What log formats can be analyzed, and is there a limit of log size?
AWStats can analyze any log file as long as it a text file. Our configuration tool can define the format of the log file, so any format, even custom files, are supported.
In 2005, France’s leading TV and media company needed a solution to analyze their web sites’ traffic. All the existing tools were either too slow or unable to process their large log files. When they approached AWStats, I worked on a solution that could analyze these exceptionally large files without increasing memory consumption and still maintain a high level of performance. Thanks to this upgrading, AWStats can analyze any log file of any size.
Is it possible to run AWStats if you do not have access to your site’s log files?
While AWStats does not require any changes to your web site, it does need access to the log file to run your reports. If necessary, log files can be downloaded, and statistics can be processed locally.
How is AWStats different than other log analyzers?
A lot of the features built into AWStats assure you more accurate results compared to other log analyzers. Some examples:
- If a hit is done on a robot.txt, we know the access was done by a robot and not a human. Other log analyzers just discard the access to robot.txt. AWStats remembers the IP used to get the robot.txt file, so any other access before or after, even on public web pages, with this same IP, can be interpreted as robot access.
- AWStats has a database of signatures to exclude not only robots but also worms or spider attacks. This database also evolves dynamically during the analysis of the log. Detection is enhanced by heuristic analysis.

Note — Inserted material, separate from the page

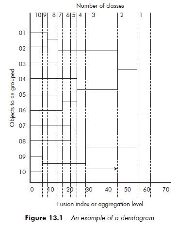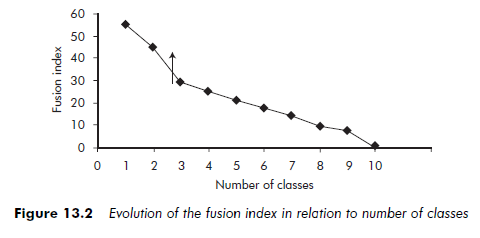 Figure 13.1 shows an example of a dendogram. We can see that the objects that are the closest, and are the first to be grouped together, are objects 09 and 10. Aggregations then occur reasonable regularly, without any sudden rises, until the number of classes has been reduced to three. However, when we pass from three classes to two (see arrow on Figure 13.2), there is a big ‘leap’ in the fusion index (see the arrow on the graph). The conclusion is that three classes should be kept.

- AWStats can differentiate between access to images and pages. So when images and only images have been accessed, we can determine that it is not a human visitor even if all the other information indicates so.

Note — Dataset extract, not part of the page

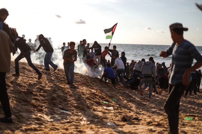 Filistinliler, Gazze ablukasının kaldırılması talebiyle düzenlenen deniz eylemi kapsamında 15'inci kez kuzey sahil sınırında toplanmıştı.
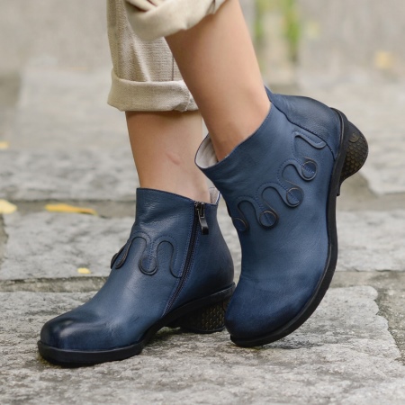 When buying blue ankle boots you need to pay attention to the material.

- AWStats tries to consolidate page access with redirects, to be able to deduce pages that are not read and avoid counting it as two pages when only one was read.
- AWStats can be enhanced with external plugins.
- AWStats has its own algorithm, optimized for log analysis situation, to sort results and provide a top 5, top 10, top 20 much faster than when using traditional sort algorithms.
- AWStats uses a variable delay to estimate the beginning and end of sessions, allowing the algorithm to run much faster compared to the conventional comparison tools.
- AWStats use both a database of rules and heuristics analysis to be able to presume the keywords used to find your web site.
- There are a lot of other features found only in AWStats that assure better accuracy and performance than any other log analyzer.
How often can AWStats be run?
AWStats can be run as often as you like. AWStats saves the last position analyzed in the log file using both a binary pointer and a timestamp pointer. This way, when running subsequent analyses, it can quickly pick up the process from where it last ended, even if the log file has been purged or rotated. The more often you run AWStats, the faster it is.
Why did you choose to share AWStats as Open Source software?
AWStats was released as Open Source software on Sourceforge in 2000 for several reasons.
- It was the beginning of the Open Source movement, and I thought that the best way to learn and understand it was to be part of it myself.
- I spent a lot of time developing AWStats and felt that the time spent was not a good investment if I was the only user. Releasing it as Open Source software significantly lowered the time I spent per user.
- It was a good way for AWStats to gain popularity and get help with its tools.
- When I first searched for web traffic analysis tools, I was disappointed in the poor choices available. Sharing AWStats as Open Source made sure this did not happen to others.
What significant changes or addition were made to your project by contributors?
The main contributions to AWStats were the enhancement of its rules and signature databases, which are used to detect keywords, worms, viruses, browsers, operating systems, smartphones, etc.
Bug fix contributions are also very constructive. It is always a pleasure to receive bug fixes, especially for those bugs that were unknown to me!
The plugin architecture, such as the GeoIP plugin, was also mostly handled by external contributors.